Department of Surgery, Chungbuk National University Hospital, Cheongju, Republic of Korea.
Deparment of Trauma Surgery, Trauma Center, Chungbuk National University Hospital, Cheongju, Republic of Korea.
Medicine (Baltimore). 2023 Aug 18;102(33):e34847. doi: 10.1097/MD.0000000000034847.
Acute kidney injury (AKI) is common in patients with trauma and is associated with poor outcomes. Therefore, early prediction of AKI in patients with trauma is important for risk stratification and the provision of optimal intensive care unit treatment. This study aimed to compare 2 models, machine learning (ML) techniques and logistic regression, in predicting AKI in patients with trauma. We retrospectively reviewed the charts of 400 patients who sustained torso injuries between January 2016 and June 2020. Patients were included if they were aged > 15 years, admitted to the intensive care unit, survived for > 48 hours, had thoracic and/or abdominal injuries, had no end-stage renal disease, and had no missing data. AKI was defined in accordance with the Kidney Disease Improving Global Outcomes definition and staging system. The patients were divided into 2 groups: AKI (n = 78) and non-AKI (n = 322). We divided the original dataset into a training (80%) and a test set (20%), and the logistic regression with stepwise selection and ML (decision tree with hyperparameter optimization using grid search and cross-validation) was used to build a model for predicting AKI. The models established using the training dataset were evaluated using a confusion matrix receiver operating characteristic curve with the test dataset. We included 400 patients with torso injury, of whom 78 (19.5%) progressed to AKI. Age, intestinal injury, cumulative fluid balance within 24 hours, and the use of vasopressors were independent risk factors for AKI in the logistic regression model. In the ML model, vasopressors were the most important feature, followed by cumulative fluid balance within 24 hours and packed red blood cell transfusion within 4 hours. The accuracy score showed no differences between the 2 groups; however, the recall and F1 score were significantly higher in the ML model (.94 vs 56 and.75 vs 64, respectively). The ML model performed better than the logistic regression model in predicting AKI in patients with trauma. ML techniques can aid in risk stratification and the provision of optimal care.

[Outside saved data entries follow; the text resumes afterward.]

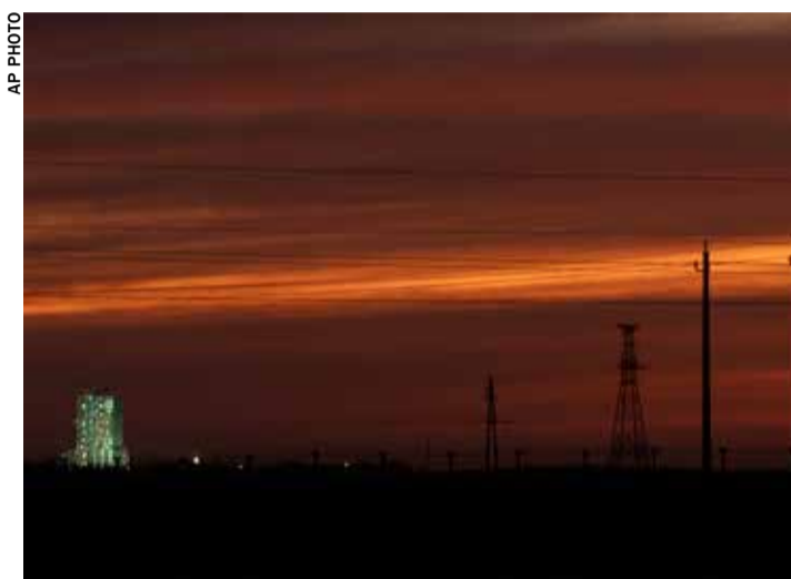
The launch pad for the Shenzhou-19 mission at the Jiuquan Satellite Launch Center

station after being excluded from the International Space Station, largely due to the United States' concerns over the program's complete control by the People's Liberation Army, the Chinese Communist Party's military arm.
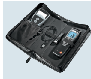
Case for secure storage of measuring instrument (without content)
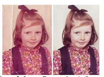
Figure 2: Image Restoration

(ii)In recurrence area, the sifting activity is finished by mapping the spatial space into the recurrence area by taking Fourier transform of the image function.
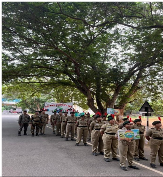
Cadets participating in the rally organized by 1(A) EMECOY NCC on the occasion of World
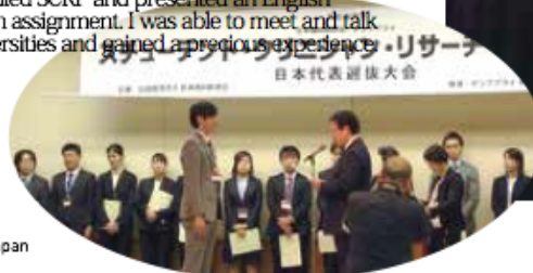
Awards ceremony at SCRP Japan Representative Tournament
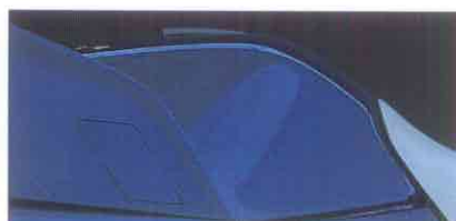
K75 RT 645, Bermuda blue metallic
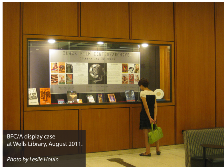
BFC/A display case at Wells Library, August 2011.
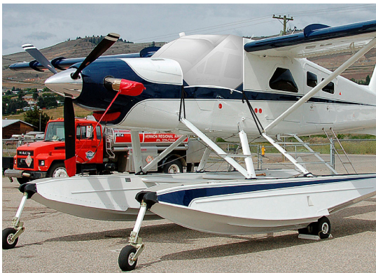
Turbo Beaver Cockpit Cover, Prop Tie/Exhaust Covers, Engine Plug
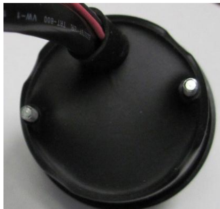
Figure 2. Installed Boot
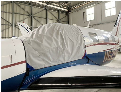
Piper PA-46-500TP Travel Cover Cockpit Cover
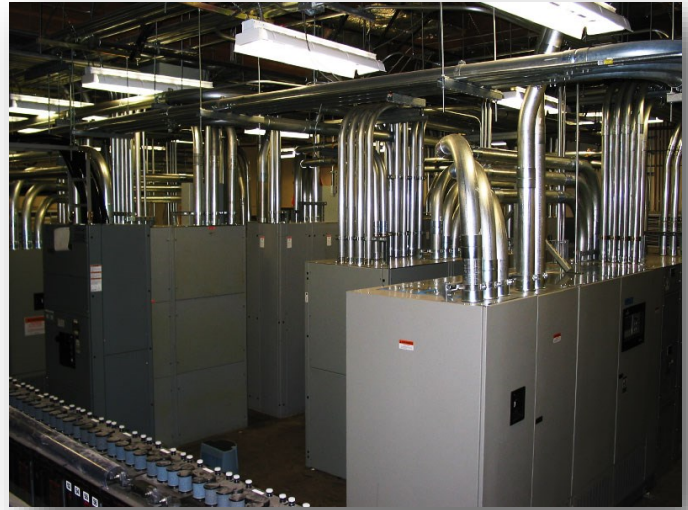
Data Room Power
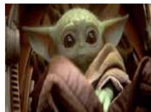
Before tax season
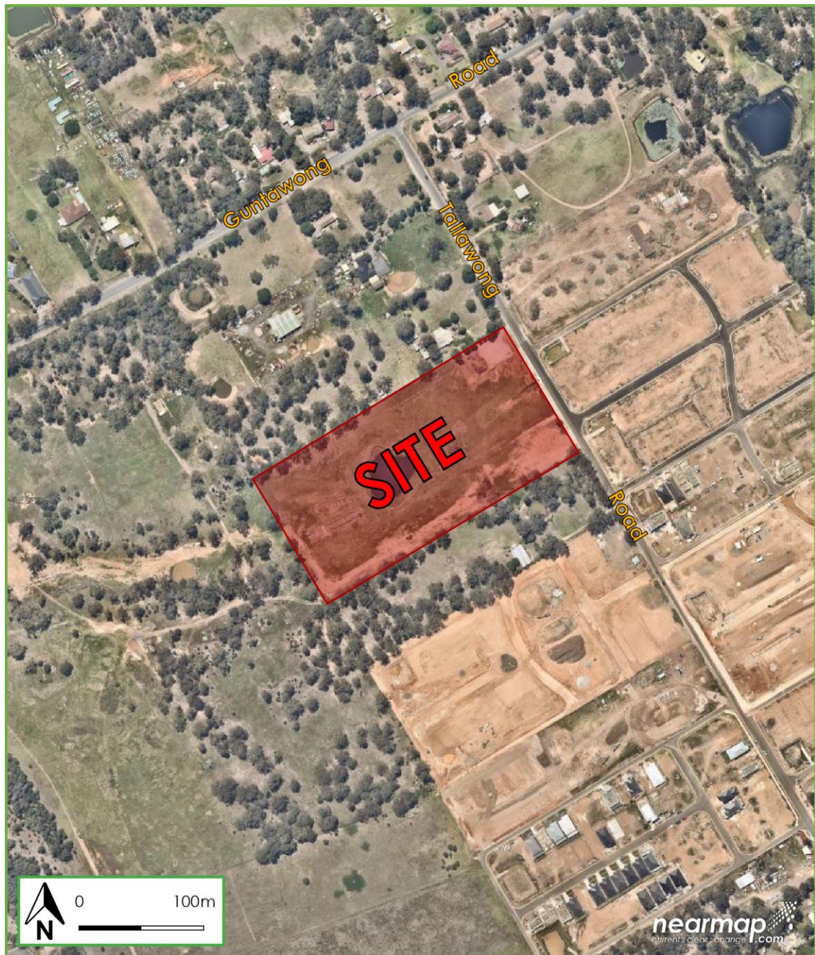
Figure 2: Site Plan
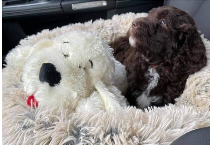
One of our puppies going home with their Snuggle Puppy!
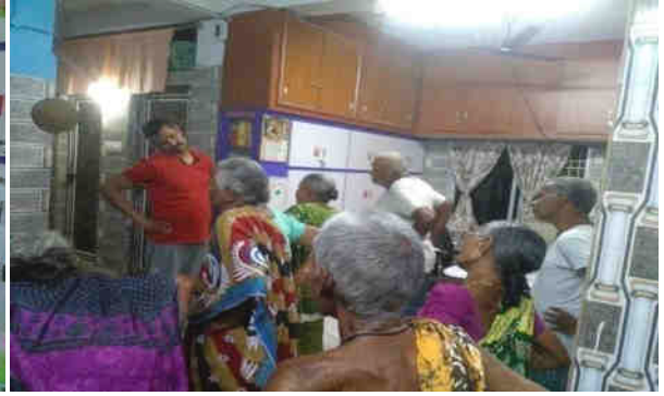
Fig: Yoga Practice at Senior Citizens' Home
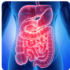
Science Food and the Digestive System
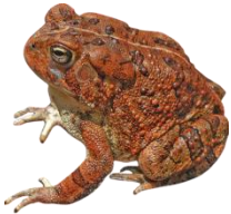
African Tree Toad
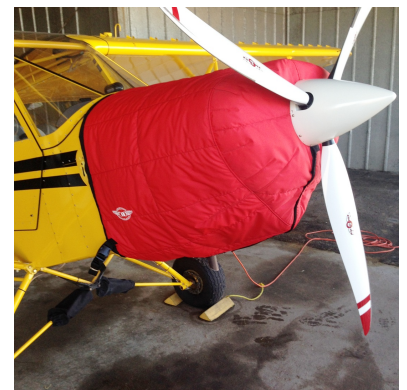
Zlin Savage Insulated Engine Cover
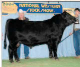
► Late intermediate champion, GW Payweight 3604 , by Gary Wall, Baxter, Iowa.
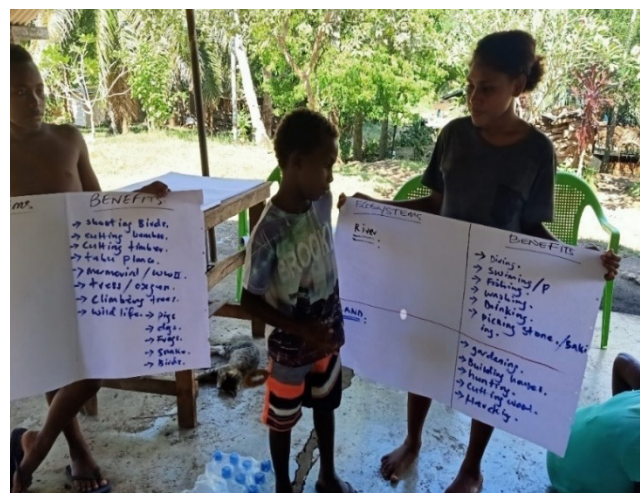
Figure 6: Youth from Ngalitatae present on behalf of their group.

急性肾损伤(AKI)在创伤患者中很常见,与不良预后相关。因此,早期预测创伤患者的 AKI 对于风险分层和提供最佳重症监护治疗很重要。本研究旨在比较两种模型,机器学习(ML)技术和逻辑回归,用于预测创伤患者的 AKI。我们回顾性分析了 2016 年 1 月至 2020 年 6 月期间 400 名躯干受伤患者的病历。纳入标准为年龄>15 岁、入住重症监护病房、存活时间>48 小时、有胸腹部损伤、无终末期肾病且无数据缺失的患者。AKI 按照肾脏疾病改善全球结局定义和分期系统定义。患者分为 AKI 组(n=78)和非 AKI 组(n=322)。我们将原始数据集分为训练集(80%)和测试集(20%),并使用逐步选择和 ML(使用网格搜索和交叉验证对超参数进行优化的决策树)的逻辑回归来构建预测 AKI 的模型。使用测试数据集通过混淆矩阵进行受试者工作特征曲线评估训练数据集建立的模型。我们纳入了 400 名躯干损伤患者,其中 78 名(19.5%)进展为 AKI。年龄、肠损伤、24 小时内累积液体平衡和血管加压素的使用是逻辑回归模型中 AKI 的独立危险因素。在 ML 模型中,血管加压素是最重要的特征,其次是 24 小时内累积液体平衡和 4 小时内输红细胞。两组间的准确率评分无差异;然而,ML 模型的召回率和 F1 评分显著更高(分别为.94 比 56 和.75 比 64)。ML 模型在预测创伤患者 AKI 方面优于逻辑回归模型。ML 技术可辅助风险分层和提供最佳治疗。